What you need to do: From the first line of the data down to the line bearing "Décorations à offrir", output every line exactly and include no pictures.

Dataset section:
>>>>>

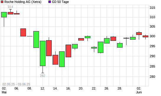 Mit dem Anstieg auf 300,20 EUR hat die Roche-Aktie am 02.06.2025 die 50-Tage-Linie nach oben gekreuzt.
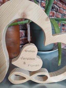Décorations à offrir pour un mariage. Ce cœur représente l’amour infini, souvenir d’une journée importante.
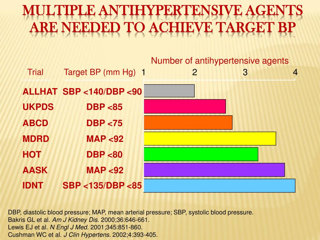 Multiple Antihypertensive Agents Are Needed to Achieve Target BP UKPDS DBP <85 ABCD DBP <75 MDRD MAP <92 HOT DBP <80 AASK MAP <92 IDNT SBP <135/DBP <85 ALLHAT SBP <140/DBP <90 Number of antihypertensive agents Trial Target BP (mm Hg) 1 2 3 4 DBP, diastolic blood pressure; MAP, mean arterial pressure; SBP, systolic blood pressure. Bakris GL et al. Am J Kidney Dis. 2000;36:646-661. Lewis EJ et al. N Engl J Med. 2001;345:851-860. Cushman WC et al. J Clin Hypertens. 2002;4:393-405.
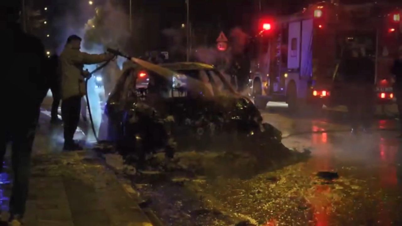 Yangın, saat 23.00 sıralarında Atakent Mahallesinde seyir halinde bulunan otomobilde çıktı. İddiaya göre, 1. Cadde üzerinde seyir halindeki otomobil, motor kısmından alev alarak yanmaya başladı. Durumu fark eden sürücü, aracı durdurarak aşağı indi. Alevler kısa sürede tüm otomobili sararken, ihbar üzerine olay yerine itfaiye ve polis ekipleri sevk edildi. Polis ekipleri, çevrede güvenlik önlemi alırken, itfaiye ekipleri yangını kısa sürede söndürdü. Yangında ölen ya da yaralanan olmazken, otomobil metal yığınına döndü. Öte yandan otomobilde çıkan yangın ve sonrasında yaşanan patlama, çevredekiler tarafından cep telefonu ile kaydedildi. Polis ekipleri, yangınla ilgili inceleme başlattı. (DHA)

<<<<<

Exercise solution:
 Mit dem Anstieg auf 300,20 EUR hat die Roche-Aktie am 02.06.2025 die 50-Tage-Linie nach oben gekreuzt.
Décorations à offrir pour un mariage. Ce cœur représente l’amour infini, souvenir d’une journée importante.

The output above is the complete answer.